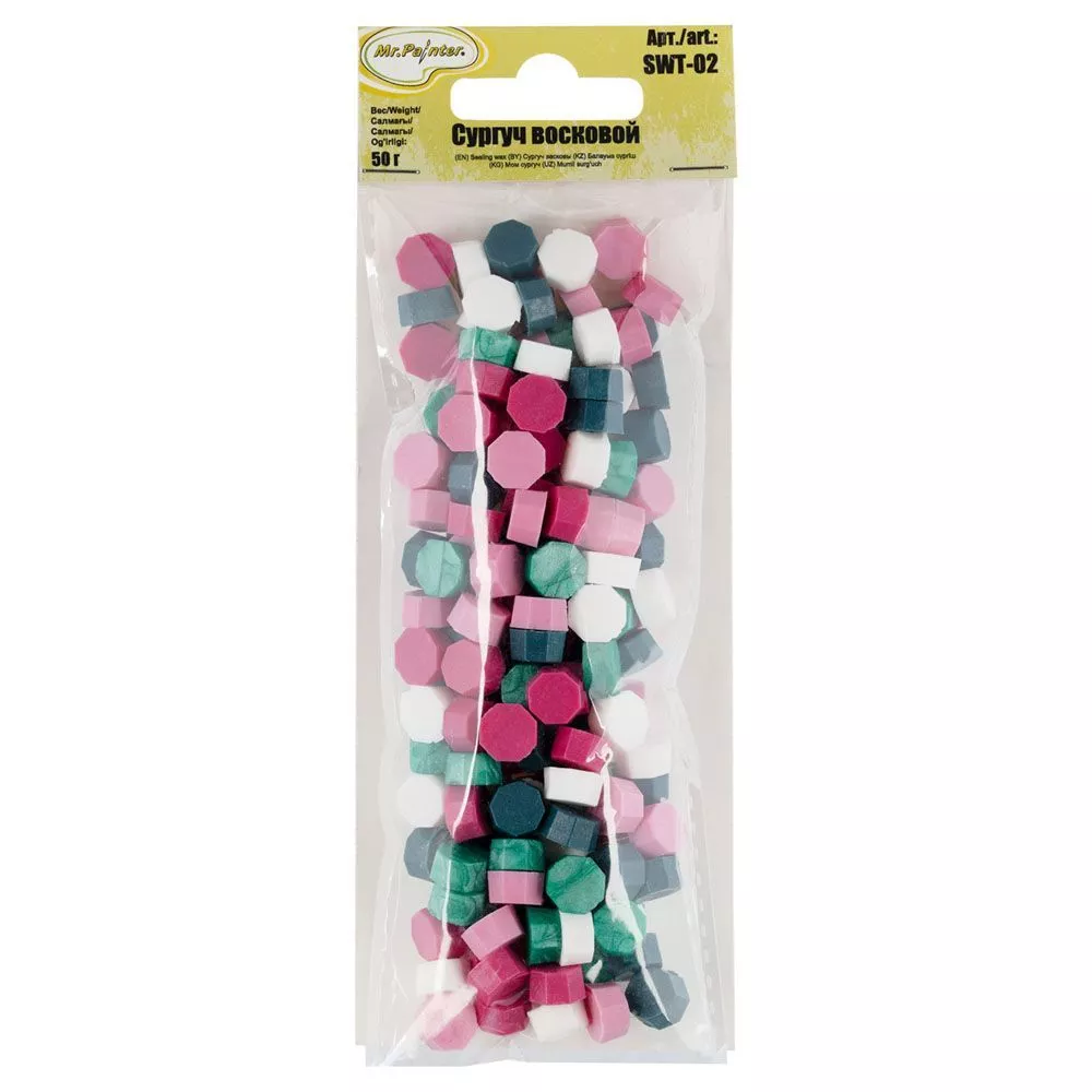 В пакете 50 грамм сургуча или 160 штучек (цвета белый, розовый, зеленый). Вес одного восьмиугольника примерно 0,35 гр, размер 1х1 см, толщина 0,6 мм. Благодаря компактным гранулам очень легко и быстро создать красивый оттиск печати. На стандартную печать 3,5 см требуется примерно 4 восьмиугольника
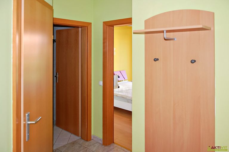 Die Fläche verteilt sich auf: Vorraum, zwei Schlafzimmer, Wohn- und Esszimmer mit Küchenbereich, Abstellnische sowie Bad und getrenntes WC.
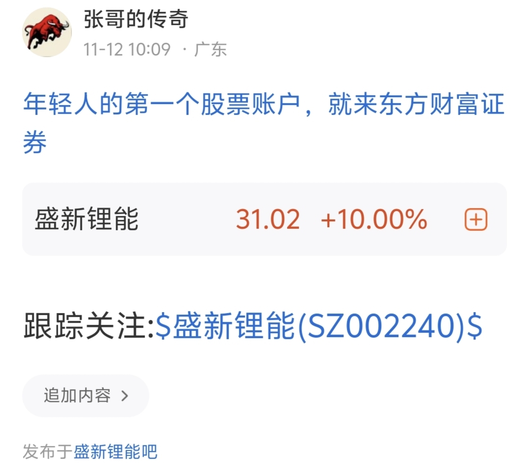 张哥昨天分享的$盛新锂能(SZ002240)$ 今日涨停
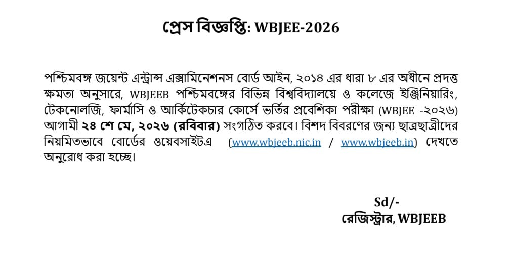 রাজ্যের বিধানসভা নির্বাচন মিটতেই পরীক্ষার মুখোমুখি হতে হবে পড়ুয়াদের। এদিন শুক্রবার পশ্চিমবঙ্গ জয়েন্ট এন্ট্রান্স এক্সামিনেশন বোর্ড (WBJEEB) ২০২৬ সালের জয়েন্ট এন্ট্রান্স পরীক্ষার পূর্ণাঙ্গ দিনক্ষণ ও সময়সূচি ঘোষণা করল। বিজ্ঞপ্তি অনুযায়ী, আগামী ১০ মার্চ, ২০২৬ (মঙ্গলবার) থেকে অনলাইনে আবেদন প্রক্রিয়া শুরু হবে, যা চলবে ৫ এপ্রিল, ২০২৬ (রবিবার) পর্যন্ত। এই সময়ের মধ্যেই পরীক্ষার্থীদের আবেদন ফি জমা দিতে হবে। এরপর যদি আবেদনপত্রে কোনো ভুলত্রুটি থাকে, তবে তা সংশোধনের জন্য ৭ এপ্রিল থেকে ৯ এপ্রিল পর্যন্ত সুযোগ দেবে। এরিমধ্যে, গতকাল শুক্রবার বোর্ডের তরফে জানানো হয়, আগামী ২৪ মে, রবিবার রাজ্যজুড়ে ইঞ্জিনিয়ারিং, আর্কিটেকচার এবং অন্যান্য পেশাদার কোর্সে ভর্তির এই প্রবেশিকা পরীক্ষা অনুষ্ঠিত হবে।

=-=-=-=-=

Could you transcribe exactly the lines from the one with "张哥昨天分享的$盛新锂能(SZ002240)$ 今日涨停" through the end of the data, both ends included, and nothing else, skipping the pictures?

Response below —
 张哥昨天分享的$盛新锂能(SZ002240)$ 今日涨停
 রাজ্যের বিধানসভা নির্বাচন মিটতেই পরীক্ষার মুখোমুখি হতে হবে পড়ুয়াদের। এদিন শুক্রবার পশ্চিমবঙ্গ জয়েন্ট এন্ট্রান্স এক্সামিনেশন বোর্ড (WBJEEB) ২০২৬ সালের জয়েন্ট এন্ট্রান্স পরীক্ষার পূর্ণাঙ্গ দিনক্ষণ ও সময়সূচি ঘোষণা করল। বিজ্ঞপ্তি অনুযায়ী, আগামী ১০ মার্চ, ২০২৬ (মঙ্গলবার) থেকে অনলাইনে আবেদন প্রক্রিয়া শুরু হবে, যা চলবে ৫ এপ্রিল, ২০২৬ (রবিবার) পর্যন্ত। এই সময়ের মধ্যেই পরীক্ষার্থীদের আবেদন ফি জমা দিতে হবে। এরপর যদি আবেদনপত্রে কোনো ভুলত্রুটি থাকে, তবে তা সংশোধনের জন্য ৭ এপ্রিল থেকে ৯ এপ্রিল পর্যন্ত সুযোগ দেবে। এরিমধ্যে, গতকাল শুক্রবার বোর্ডের তরফে জানানো হয়, আগামী ২৪ মে, রবিবার রাজ্যজুড়ে ইঞ্জিনিয়ারিং, আর্কিটেকচার এবং অন্যান্য পেশাদার কোর্সে ভর্তির এই প্রবেশিকা পরীক্ষা অনুষ্ঠিত হবে।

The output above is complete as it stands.